We observe the mean approximate match F1 score achieved by each model on the test set for training set sizes ranging from 50 to 641 samples (with 5 randomly selected training sets at each size).
Feature analysis
We largely attribute the superior performance of the BLSTM-M3 model to the use of fixed word embeddings that were trained specifically to encode semantic information without specific relevance to the ADR detection task. To understand their impact, we separately evaluated model performance relative to whether the embeddings were (1) randomly initialized or pretrained, or (2) held fixed or allowed to vary during training.
We first considered the impact of using pretrained embeddings, noting that the BLSTM-M2 and BLSTM-M3 models, which did use pretrained embeddings, achieved 27.4 and 30.8% higher recall, respectively, compared to the BLSTM-M1 model, which used randomly initialized embeddings.
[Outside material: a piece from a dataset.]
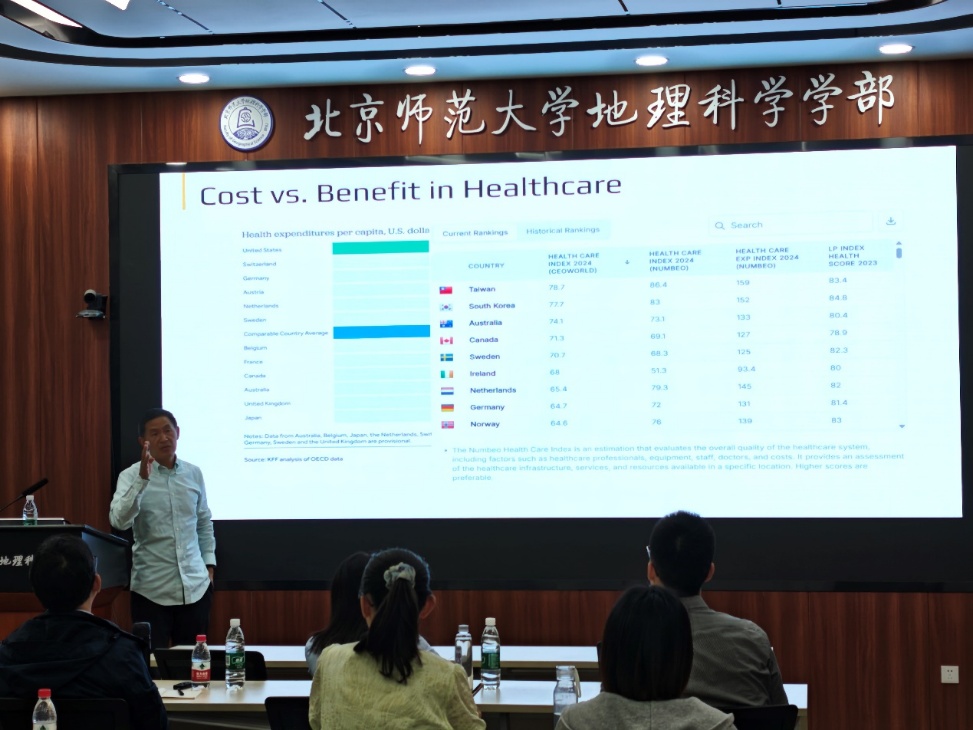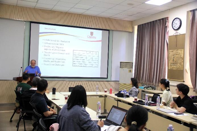 5月14日上午Rosenberg教授开展了“Urbanization and the Geographies of Health and Health Care”的讲座,分析了全球和中国的城市化趋势以及城市化的正负面影响,探讨了连接城市化与健康的理论和模型,并指出了城市化过程对居民健康带来的三大挑战。

We contend that this is a consequence of the fact that, for the pretrained embeddings, semantically similar word pairs have nearly equal embeddings, which implicitly exposes the model to information about words in the test set even if they are not observed in the training set. Consider, for example, the semantically similar ADRs “tired” and “sleepy.” We expected the corresponding word vectors to be close to each other in the embedding space. If “tired” is present in the training set and “sleepy” is only in the test set, we can still expect the model to detect the ADR in the test set, because the RNN nodes that activate for “tired” will also activate for “sleepy.” In contrast, the BLSTM-M1 model randomly initializes the embeddings, so that semantically similar word pairs are arbitrarily far apart. Such word pairs do not necessarily converge through training, because semantic similarity is not reinforced by the ADR-labeling learning objective, and even if it was, words in the test set that are not in the training set would necessarily be represented by random vectors. Thus, in our example, it would never have observed the word “sleepy” and would not recognize it as similar to “tired.” In general, this results in more false negative errors (lower recall) for the randomly initialized model. Concretely, we found 553 unique words in the test set that were not in the training set, corresponding to 591 test set instances (84.6% non-ADR, 15.4% ADR) for which the BLSTM-M1, BLSTM-M2, and BLSTM-M3 models achieved false negative error rates of 13.0, 10.0, and 7.6%, respectively.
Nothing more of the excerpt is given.